BLAS-on-Flash: An alternative to large-scale ML training and inference?


Microsoft Research India


Julian Shun
Many large scale machine learning training and inference tasks are memory-bound rather than compute-bound i.e. on large data sets, the working set of these algorithms does not fit in memory for jobs that could run overnight on a few multi-core processors. This often forces an expensive redesign of the algorithm for distributed platforms such as parameter servers and Spark. BLAS-on-flash provides an inexpensive and efficient alternative based on the observation that many ML tasks admit algorithms that can be programmed with linear algebra subroutines. Our library supports a BLAS and sparseBLAS interface on large SSD-resident matrices, enabling multi-threaded code to scale to industrial scale datasets on a single workstation. Using BLAS-on-flash, we are able to process 10x larger models on 10x larger inputs in the same memory envelope in two key production pipelines: training large scale topic models and inference for extreme multi-label learning.
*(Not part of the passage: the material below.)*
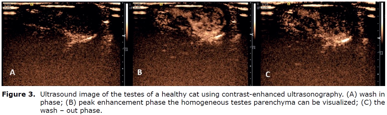In veterinary medicine, are few studies has been used to evaluate pancreas and lymph nodes (31), spleen (32-33), liver (34-35), kidneys (36), prostate (37). In testes, the first study on the use of the technique was performed in dogs (27). However, contrast-enhanced ultrasonography of the testicles of cats revealed mean wash-in time in healthy cats to be 8.78s and peak enhancement time 21.62s and wash-out time 75.36s. Contrast-enhanced ultrasonography of the left testicles revealed mean wash-in time 10.76s and peak enhancement time 21.50s and wash-out time 81.81s and of the right testis revealed (Figure 3). Furthermore, contrast fill the subcapsular vascular structures and after a few seconds, a homogeneous moderate enhancement of the parenchyma, with parenchymal vessels still distinguishable and after the peak phase, a rapid homogeneous decrease in echogenicity (7).

This suggests that our approach could be an efficient alternative to expensive distributed big-data systems for scaling up structurally complex machine learning tasks.

In this talk, we will take a look at the BLAS-on-flash API, design and implementation of the runtime and the above mentioned case-studies in detail.

Relevant Paper:
Subramanya, Suhas Jayaram, et al. "BLAS-on-flash: An Efficient Alternative for Large Scale ML Training and Inference?" NSDI 2019.